Feature | Selasa, 06 November 2018 - 21:13 WIB

Ketika "Tujuh Hantu" Tak Lagi Adang BBM Rakyat
DI DEPAN SPBU: Zainal Abidin berada di depan SPBU Kompak Labuhan Bilik, Kecamatan Teluk Meranti, Kabupaten Pelalawan, beberapa waktu lalu.

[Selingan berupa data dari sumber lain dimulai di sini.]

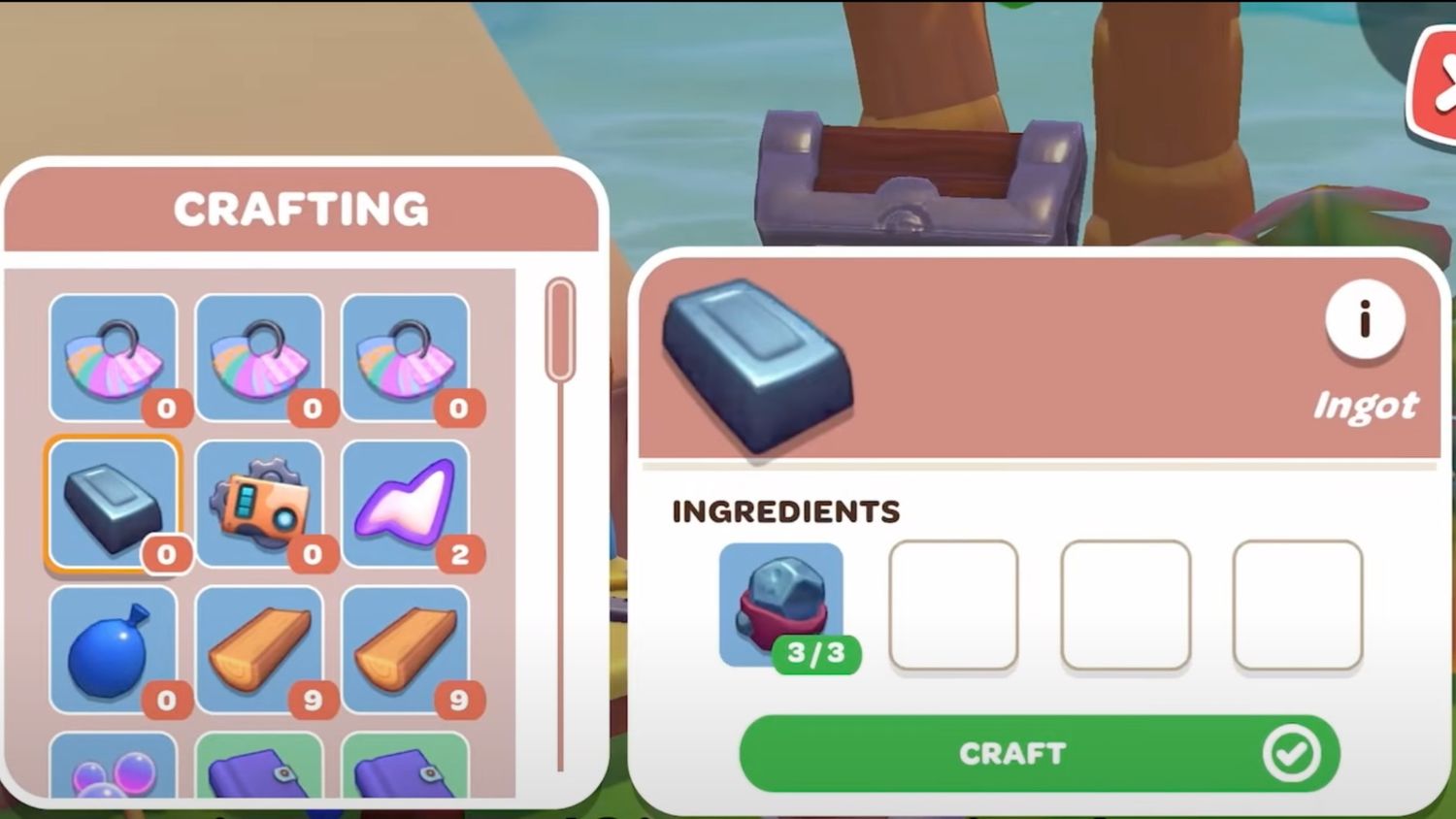 Desafortunadamente, ambos elementos también deben diseñarse. El lingote requerirá mineral de hierro y la madera necesitará cocos. Una vez completado, el pico estará disponible. herramienta que puede destruir rocas y recuperar elementos que de otro modo serían inalcanzables.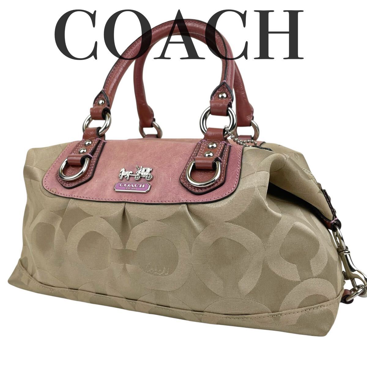- COACH コーチ ハンドバッグ マディソン オプアート ベージュ 12947 トートバッグ ショルダーバッグ 手提げ シグネチャー ピンク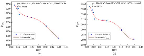 Initially, we investigated the relationship between capacity and penetration rates (0%, 50%, and 100%) for all scenarios. After comparing various common functional models, we found that a quadratic polynomial function could better describe the relationship between CCAV and CHV. Thus, a fourth-degree polynomial function was chosen to fit the numerical relationship between FD/Q–CCAV and FLR/Q–CCAV.
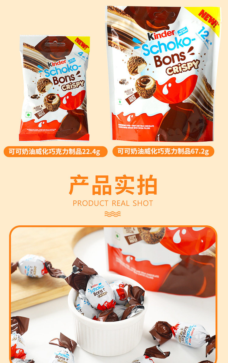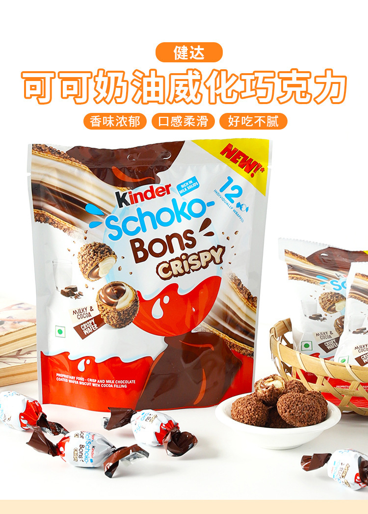 进口健达Kinder可可奶油夹心球形威化巧克力饼干儿童休闲零食

Teluk Meranti sedang menggeliat. Biasanya bahan bakar minyak (BBM) begitu sulit didapat di kecamatan di daerah pesisir Kabupaten Pelalawan, Provinsi Riau ini. Kalaupun ada, harganya melangit. Sangat mahal. Ada “tujuh hantu” yang mengadangnya di muara Sungai Kampar. Itulah gelombang bono. Akibat gelombang besar itu, distribusi BBM ke desa-desa di Kecamatan Teluk Meranti, juga Kecamatan Kuala Kampar tersendat. Kadang hingga berhari-hari dan berbilang pekan. Kini dan ke depan, semuanya jadi cerita lama. Solusi permanen sudah ada.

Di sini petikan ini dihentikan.